The method comprises the following specific steps:
equation (7) is specifically: when both elements are compared to be not e, i.e. neither element is empty, and both elements are equal, then I mat,i =1, otherwise I mat,i =0;
Equation (8) is specifically: when both elements are compared to e, i.e. both are empty, then I emp,i =1, otherwise I emp,i =0。
Compared with the prior art, the invention has the advantages that:
1) The method omits random arrangement of pi 12 ,...,π k The storage cost can be saved by generating and storing; 2) The method does not need to map the fingerprints through random arrangement, and reduces the calculation time for generating the fingerprints.
Drawings
FIG. 1 is a flow chart of the present invention.
Detailed Description
The present invention will be further described with reference to the accompanying drawings, but embodiments of the present invention are not limited thereto.
A fingerprint similarity method based on a grouping minimum value specifically comprises the following steps:
step one, text feature extraction: this step is used to extract the text feature set S d
Firstly, scanning and analyzing text information, segmenting the text information by utilizing a Chinese word segmentation algorithm, and filtering out text noise data by utilizing a stop word list to obtain a segmentation set S of the text information shgs . Noise is meaningless words in the text, and is generally high-frequency low-meaning auxiliary words, fictional words and the like; word set S shgs Adopting Rabin function, mapping 32-bit integer, and naming the mapped set as S d
Step two, data grouping
Given 2 documents S 1 And S 2 To S 1 And S 2 The elements in (1) are grouped in a fixed size m, the number of groups is k, the total set is omega = {0,1,2 \8230;, 2 32 -1},|Ω|=2 32 . Some elements in the set are labeled 1 and none are labeled 0.
In this embodiment, Ω = {0,1,2 \8230, 15}, | Ω | =16, m =4, k =4, m = | Ω |,
S 1 ={0,3,4,6,713,16}
S 2 ={0,1,3,6,7,13,14,16}
to S 1 And S 2 After the elements in (1) are grouped according to a fixed size m:
thus, at this time
S 1 ={1 0 0 1|1 0 1 1|0 0 0 0|0 1 0 0}
S 2 ={1 1 0 1|0 0 1 1|0 0 0 0|0 1 1 0}
And thirdly, selecting the representatives in the group to form the fingerprint.
One representative is selected from each group, and the maximum value, the minimum value or the middle element of each group can be selected as the representative of one group.

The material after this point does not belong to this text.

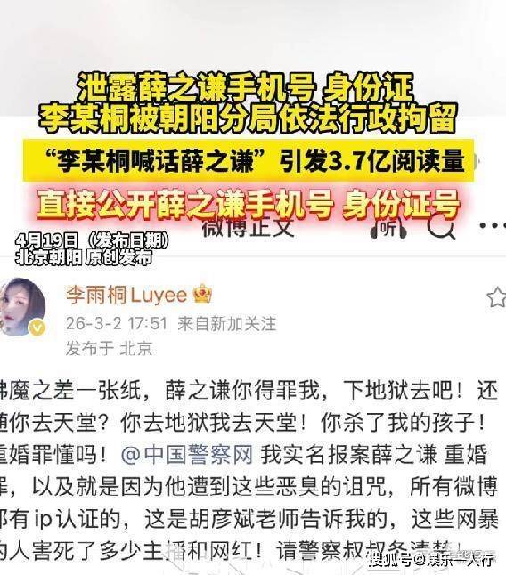 2026年4月19日下午,北京广播电视台《法治进行时》栏目曝出消息。李雨桐因泄露薛之谦手机号和身份证号,被北京朝阳警方依法行政拘留十日。拘留日期从2026年4月10日开始,到4月20日结束。

If there is no element in the group, called empty group, then set as e, S d K sets of elements represented as intra-groups, defined herein as fingerprint sets, are formed.
The following examples are represented by the minimum values:
Printfinger(S 1 )=[0,4,e,13]
Printfinger(S 2 )=[0,6,e,13]
because a group has at most 4 elements, the representation of each group can be modulo 4, saving memory space.
Printfinger(S 1 )=[0,0,0,1]
Printfinger(S 2 )=[0,2,e,1]
And step four, calculating the similarity R.
The calculation formula is as follows:
R=N mat /(k-N emp ) (4)
wherein N is mat Indicating that each group represents equal times. N is a radical of emp Indicating the number of empty groups. The specific calculation formula is as follows:
equation (7) is specifically: when both elements are compared to be not e, i.e. neither element is empty, and both elements are equal, then I mat,i =1, otherwise I mat,i =0;
The formula (8) is specifically: when both elements are compared to e, i.e. both are empty, then I emp,i =1, otherwise I emp,i =0。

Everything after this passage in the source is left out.